What the task asks:
Transcribe exactly the lines that fall between the one holding "苗栗縣第19屆縣長選舉候選人" and the one holding "Charming pink cocktail", inclusive, from the entries below.

Source material:
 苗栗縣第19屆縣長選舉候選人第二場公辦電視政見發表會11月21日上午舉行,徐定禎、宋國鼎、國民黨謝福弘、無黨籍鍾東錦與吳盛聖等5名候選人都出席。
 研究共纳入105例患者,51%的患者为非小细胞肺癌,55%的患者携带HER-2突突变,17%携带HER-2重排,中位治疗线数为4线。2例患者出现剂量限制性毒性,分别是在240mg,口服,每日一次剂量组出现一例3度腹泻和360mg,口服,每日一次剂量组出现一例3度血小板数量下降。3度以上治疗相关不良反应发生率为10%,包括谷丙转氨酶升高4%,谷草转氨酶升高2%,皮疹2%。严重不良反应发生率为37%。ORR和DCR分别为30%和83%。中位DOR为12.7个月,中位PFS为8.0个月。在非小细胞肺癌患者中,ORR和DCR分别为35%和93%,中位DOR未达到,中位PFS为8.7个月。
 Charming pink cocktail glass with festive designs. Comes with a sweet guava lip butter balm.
==
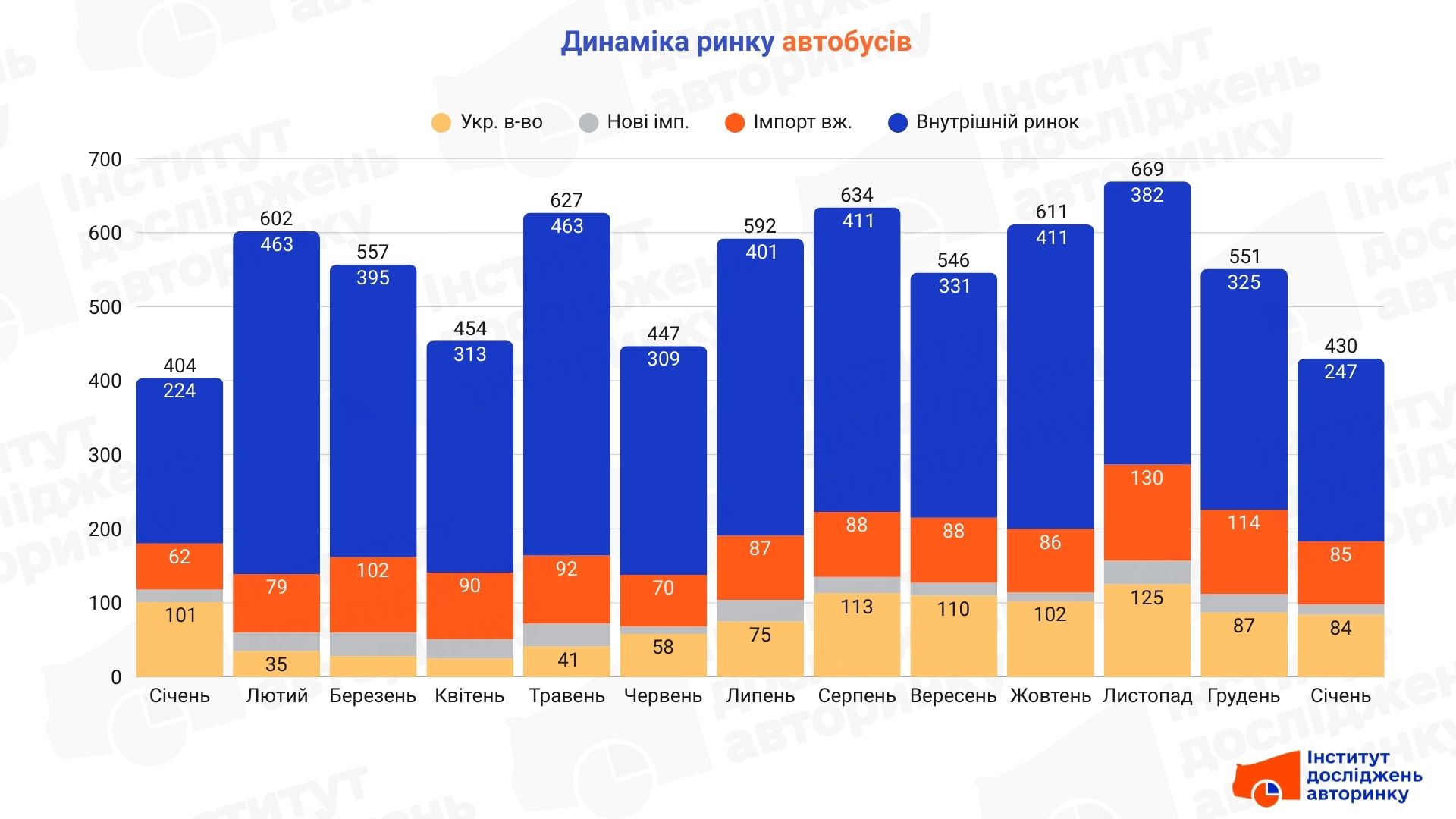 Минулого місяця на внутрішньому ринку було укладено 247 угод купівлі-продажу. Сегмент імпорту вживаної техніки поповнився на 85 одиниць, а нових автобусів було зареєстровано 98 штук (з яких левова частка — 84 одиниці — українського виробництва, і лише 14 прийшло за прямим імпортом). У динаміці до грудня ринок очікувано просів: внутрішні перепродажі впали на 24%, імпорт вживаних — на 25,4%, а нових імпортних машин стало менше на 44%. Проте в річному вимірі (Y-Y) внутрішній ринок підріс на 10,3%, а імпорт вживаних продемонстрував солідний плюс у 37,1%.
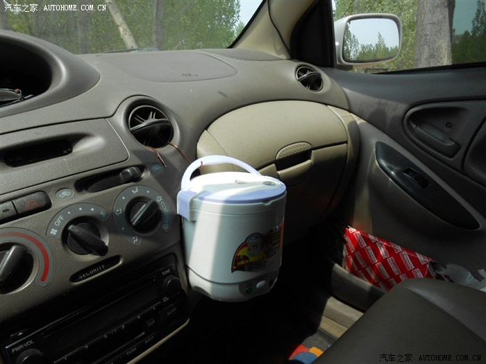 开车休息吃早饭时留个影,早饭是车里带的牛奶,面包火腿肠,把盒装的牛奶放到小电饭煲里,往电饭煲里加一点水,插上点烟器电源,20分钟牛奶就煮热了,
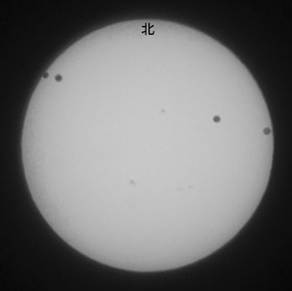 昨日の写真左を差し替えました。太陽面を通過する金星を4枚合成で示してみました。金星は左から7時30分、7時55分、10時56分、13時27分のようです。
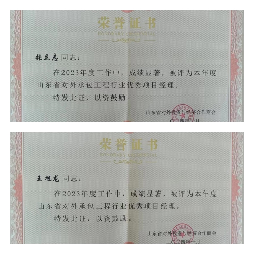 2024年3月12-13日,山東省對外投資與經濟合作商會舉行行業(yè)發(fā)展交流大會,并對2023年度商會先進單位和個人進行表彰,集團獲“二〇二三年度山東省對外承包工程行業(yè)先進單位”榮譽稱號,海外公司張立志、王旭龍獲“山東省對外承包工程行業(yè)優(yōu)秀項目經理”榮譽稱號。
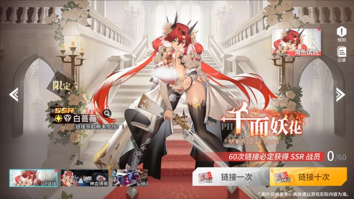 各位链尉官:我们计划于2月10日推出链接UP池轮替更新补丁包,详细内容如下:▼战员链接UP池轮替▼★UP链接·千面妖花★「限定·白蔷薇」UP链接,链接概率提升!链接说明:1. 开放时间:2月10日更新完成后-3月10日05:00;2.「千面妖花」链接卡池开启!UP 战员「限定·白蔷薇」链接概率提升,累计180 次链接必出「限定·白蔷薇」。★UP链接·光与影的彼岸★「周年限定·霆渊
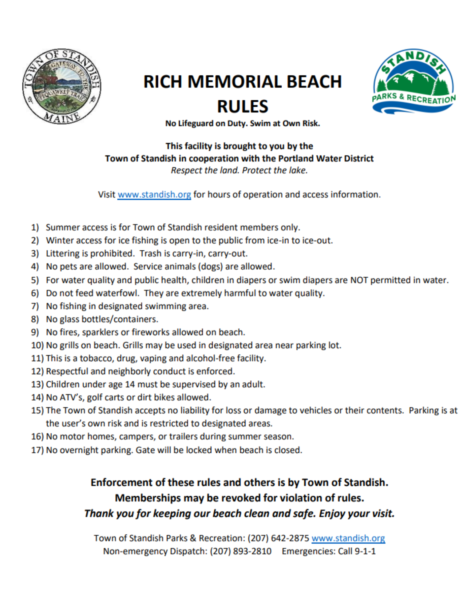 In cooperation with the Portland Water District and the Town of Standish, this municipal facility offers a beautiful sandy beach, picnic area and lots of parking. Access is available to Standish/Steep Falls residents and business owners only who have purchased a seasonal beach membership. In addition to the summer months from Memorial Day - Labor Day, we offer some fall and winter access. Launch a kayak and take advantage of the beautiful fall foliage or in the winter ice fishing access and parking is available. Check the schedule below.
==
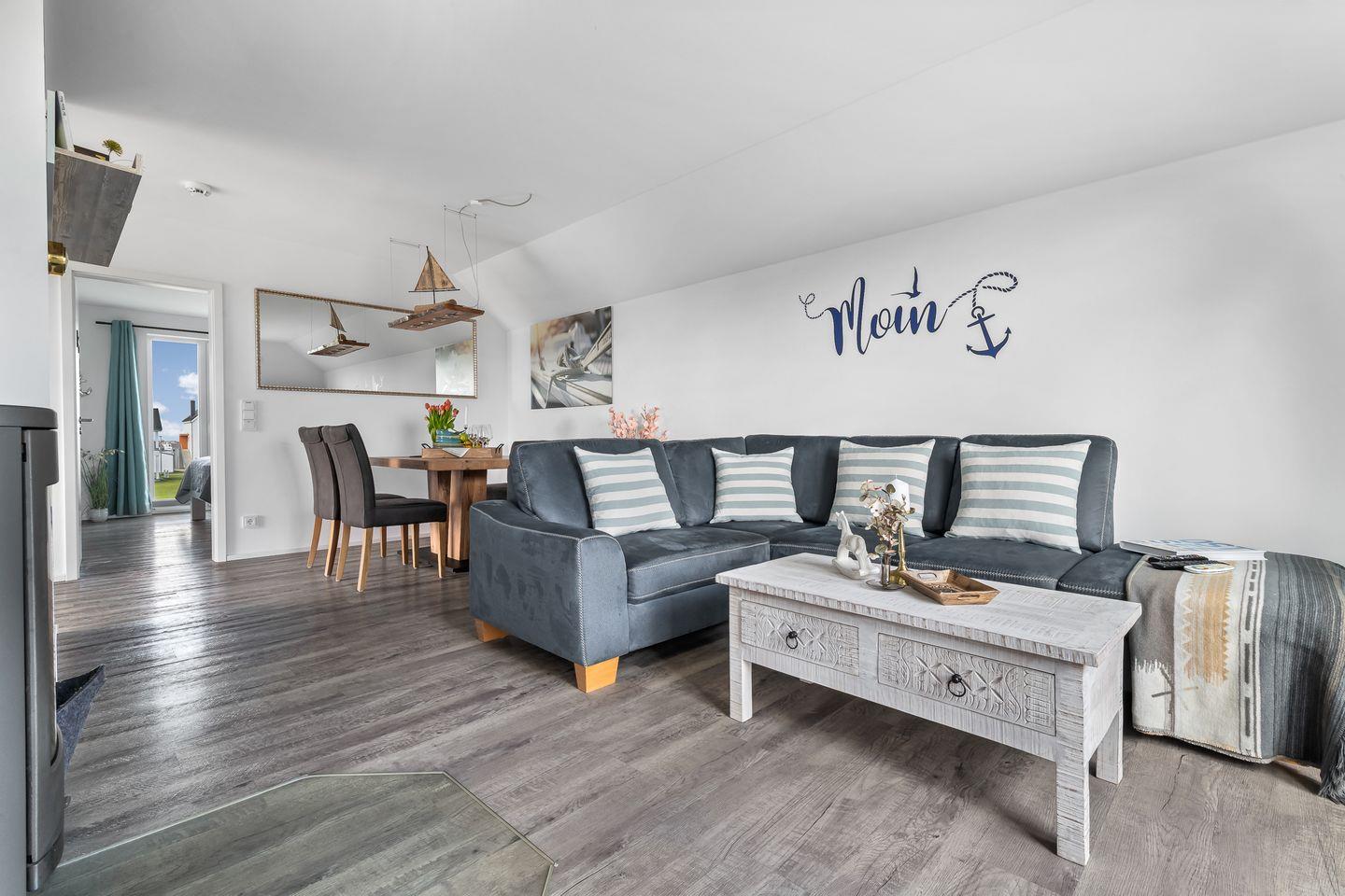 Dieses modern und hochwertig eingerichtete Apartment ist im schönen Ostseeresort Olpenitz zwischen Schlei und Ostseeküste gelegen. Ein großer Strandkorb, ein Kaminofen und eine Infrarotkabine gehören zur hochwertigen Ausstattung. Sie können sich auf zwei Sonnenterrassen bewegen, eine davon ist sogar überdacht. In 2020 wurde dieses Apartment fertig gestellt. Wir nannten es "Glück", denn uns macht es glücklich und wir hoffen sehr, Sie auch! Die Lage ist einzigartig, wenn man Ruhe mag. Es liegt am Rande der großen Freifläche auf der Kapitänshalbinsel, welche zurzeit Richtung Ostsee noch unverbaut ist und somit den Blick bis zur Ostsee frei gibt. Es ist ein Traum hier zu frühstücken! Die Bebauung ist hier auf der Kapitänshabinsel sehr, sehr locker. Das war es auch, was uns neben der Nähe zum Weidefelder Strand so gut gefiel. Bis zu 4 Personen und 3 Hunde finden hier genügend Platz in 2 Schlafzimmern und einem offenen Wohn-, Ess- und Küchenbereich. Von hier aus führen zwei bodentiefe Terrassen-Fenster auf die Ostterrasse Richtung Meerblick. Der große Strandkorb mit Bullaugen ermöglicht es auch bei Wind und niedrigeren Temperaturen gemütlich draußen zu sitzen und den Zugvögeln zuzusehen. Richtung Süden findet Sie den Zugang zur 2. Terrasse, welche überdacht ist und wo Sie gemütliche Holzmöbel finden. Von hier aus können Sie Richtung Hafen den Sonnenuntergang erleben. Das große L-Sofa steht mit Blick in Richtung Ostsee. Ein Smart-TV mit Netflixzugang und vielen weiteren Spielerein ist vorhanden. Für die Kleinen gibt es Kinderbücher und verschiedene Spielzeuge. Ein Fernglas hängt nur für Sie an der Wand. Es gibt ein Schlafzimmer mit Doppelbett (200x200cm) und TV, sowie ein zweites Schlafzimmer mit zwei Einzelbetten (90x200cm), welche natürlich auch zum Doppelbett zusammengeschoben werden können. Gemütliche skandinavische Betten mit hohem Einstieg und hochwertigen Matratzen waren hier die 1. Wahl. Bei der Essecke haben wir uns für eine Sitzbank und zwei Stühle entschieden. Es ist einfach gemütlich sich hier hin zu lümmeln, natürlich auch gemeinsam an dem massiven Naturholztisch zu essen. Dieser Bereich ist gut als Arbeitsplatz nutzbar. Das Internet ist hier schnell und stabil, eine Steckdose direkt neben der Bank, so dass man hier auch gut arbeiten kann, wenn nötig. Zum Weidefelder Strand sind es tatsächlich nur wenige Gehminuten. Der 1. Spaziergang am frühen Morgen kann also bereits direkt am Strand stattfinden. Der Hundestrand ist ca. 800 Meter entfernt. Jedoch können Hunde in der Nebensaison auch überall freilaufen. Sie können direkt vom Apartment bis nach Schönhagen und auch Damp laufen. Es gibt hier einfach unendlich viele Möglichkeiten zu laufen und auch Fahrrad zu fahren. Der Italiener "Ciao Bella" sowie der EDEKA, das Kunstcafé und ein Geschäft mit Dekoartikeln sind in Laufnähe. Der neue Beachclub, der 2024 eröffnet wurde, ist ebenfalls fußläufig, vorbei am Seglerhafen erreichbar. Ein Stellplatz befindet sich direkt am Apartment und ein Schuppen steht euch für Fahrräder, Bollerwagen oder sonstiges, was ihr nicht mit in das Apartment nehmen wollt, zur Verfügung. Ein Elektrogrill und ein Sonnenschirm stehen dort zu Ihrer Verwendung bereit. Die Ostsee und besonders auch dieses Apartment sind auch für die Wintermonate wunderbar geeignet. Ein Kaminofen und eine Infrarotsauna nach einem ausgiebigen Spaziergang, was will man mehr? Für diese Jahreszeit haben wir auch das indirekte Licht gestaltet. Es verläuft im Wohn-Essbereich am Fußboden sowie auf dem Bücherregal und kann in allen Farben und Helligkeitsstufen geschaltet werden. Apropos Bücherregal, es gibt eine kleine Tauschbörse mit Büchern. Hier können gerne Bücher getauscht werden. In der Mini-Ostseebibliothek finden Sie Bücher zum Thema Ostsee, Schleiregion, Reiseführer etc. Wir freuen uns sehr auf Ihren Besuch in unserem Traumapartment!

Exercise solution:
 苗栗縣第19屆縣長選舉候選人第二場公辦電視政見發表會11月21日上午舉行,徐定禎、宋國鼎、國民黨謝福弘、無黨籍鍾東錦與吳盛聖等5名候選人都出席。
 研究共纳入105例患者,51%的患者为非小细胞肺癌,55%的患者携带HER-2突突变,17%携带HER-2重排,中位治疗线数为4线。2例患者出现剂量限制性毒性,分别是在240mg,口服,每日一次剂量组出现一例3度腹泻和360mg,口服,每日一次剂量组出现一例3度血小板数量下降。3度以上治疗相关不良反应发生率为10%,包括谷丙转氨酶升高4%,谷草转氨酶升高2%,皮疹2%。严重不良反应发生率为37%。ORR和DCR分别为30%和83%。中位DOR为12.7个月,中位PFS为8.0个月。在非小细胞肺癌患者中,ORR和DCR分别为35%和93%,中位DOR未达到,中位PFS为8.7个月。
 Charming pink cocktail glass with festive designs. Comes with a sweet guava lip butter balm.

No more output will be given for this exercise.